■ Exercise aim
Among the lines of the listing below, retype exactly those from the one containing "Czarny Kombinezon z" through the one containing "Spesifikasi Dinding : Bata", both included. Do not include pictures.

==== Material for this task

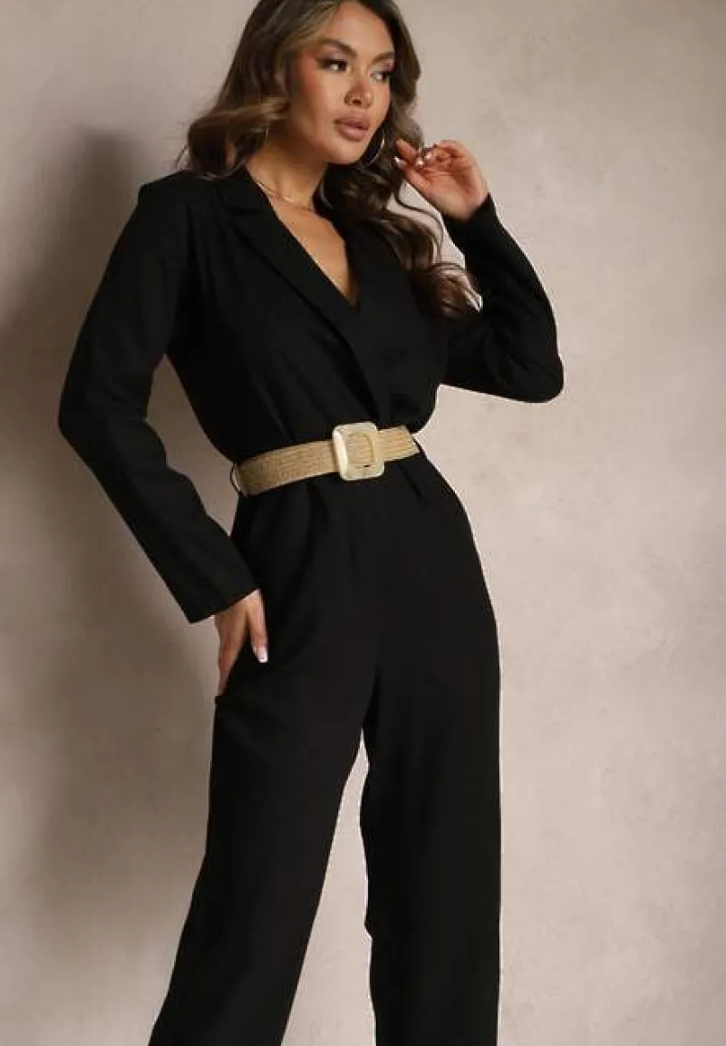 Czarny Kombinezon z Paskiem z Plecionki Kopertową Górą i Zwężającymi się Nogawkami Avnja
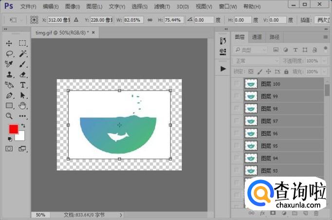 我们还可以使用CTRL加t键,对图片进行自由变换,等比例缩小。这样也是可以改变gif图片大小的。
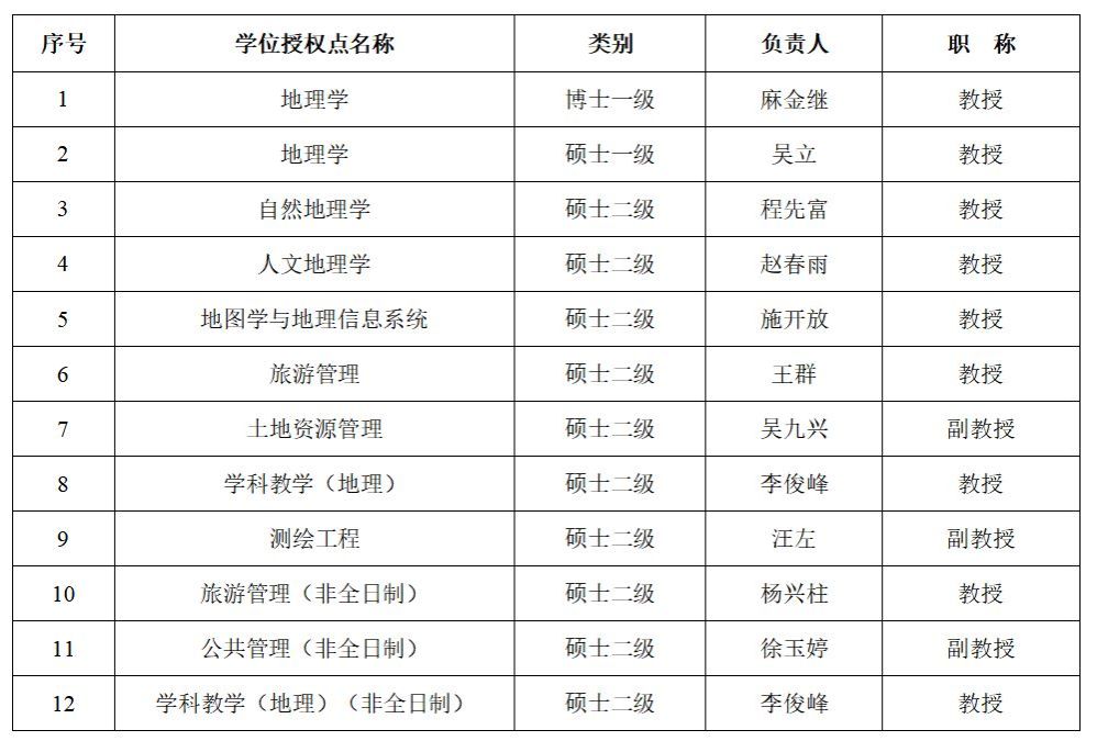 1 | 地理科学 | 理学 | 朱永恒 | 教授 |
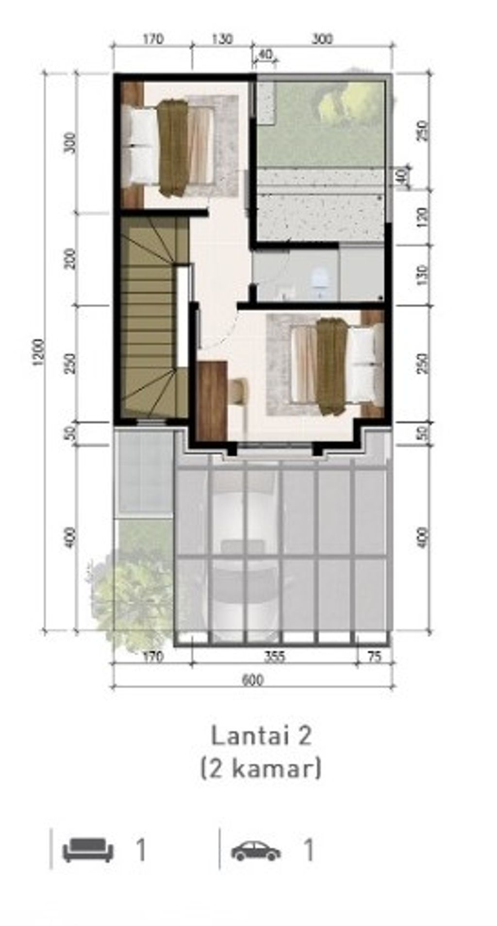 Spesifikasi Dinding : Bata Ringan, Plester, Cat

========
==== Material for this task

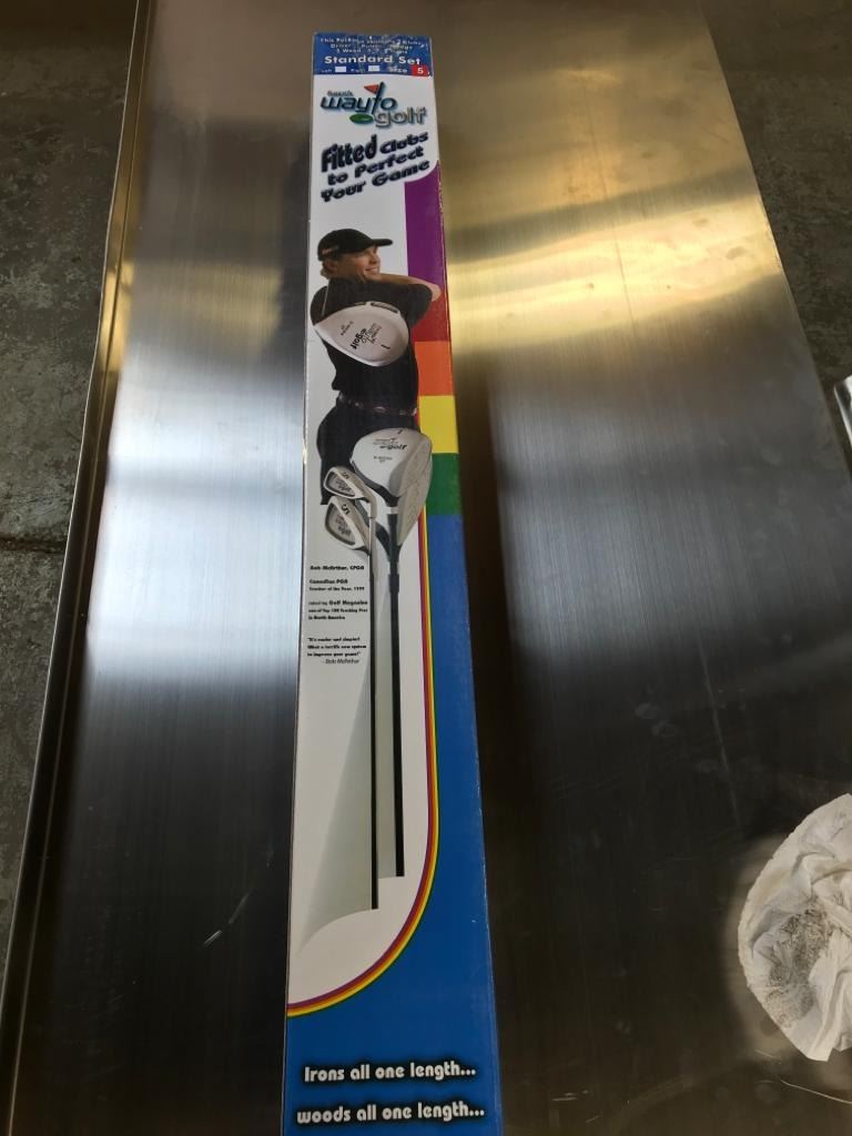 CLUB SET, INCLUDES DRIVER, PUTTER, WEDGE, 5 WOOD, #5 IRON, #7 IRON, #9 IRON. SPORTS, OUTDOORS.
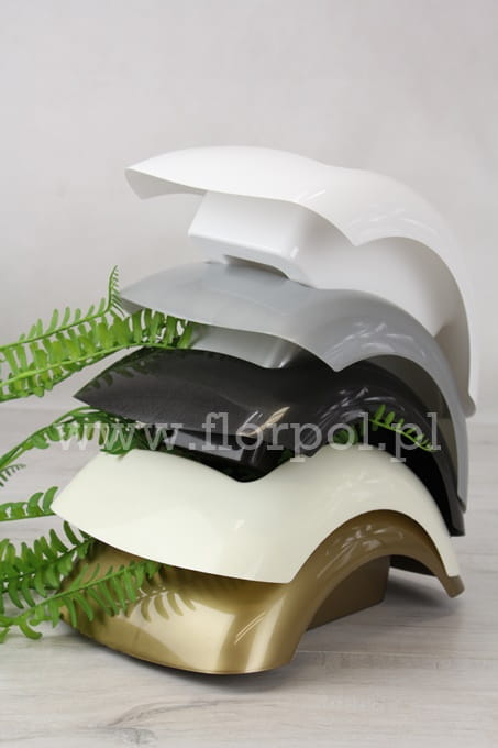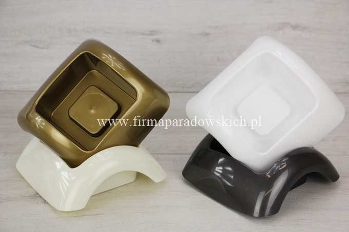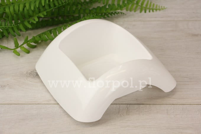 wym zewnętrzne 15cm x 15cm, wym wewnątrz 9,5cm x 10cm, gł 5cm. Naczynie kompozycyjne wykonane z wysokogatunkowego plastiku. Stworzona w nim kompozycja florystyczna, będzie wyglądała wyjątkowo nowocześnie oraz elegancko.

========

■ Result
 Czarny Kombinezon z Paskiem z Plecionki Kopertową Górą i Zwężającymi się Nogawkami Avnja
 我们还可以使用CTRL加t键,对图片进行自由变换,等比例缩小。这样也是可以改变gif图片大小的。
 1 | 地理科学 | 理学 | 朱永恒 | 教授 |
 Spesifikasi Dinding : Bata Ringan, Plester, Cat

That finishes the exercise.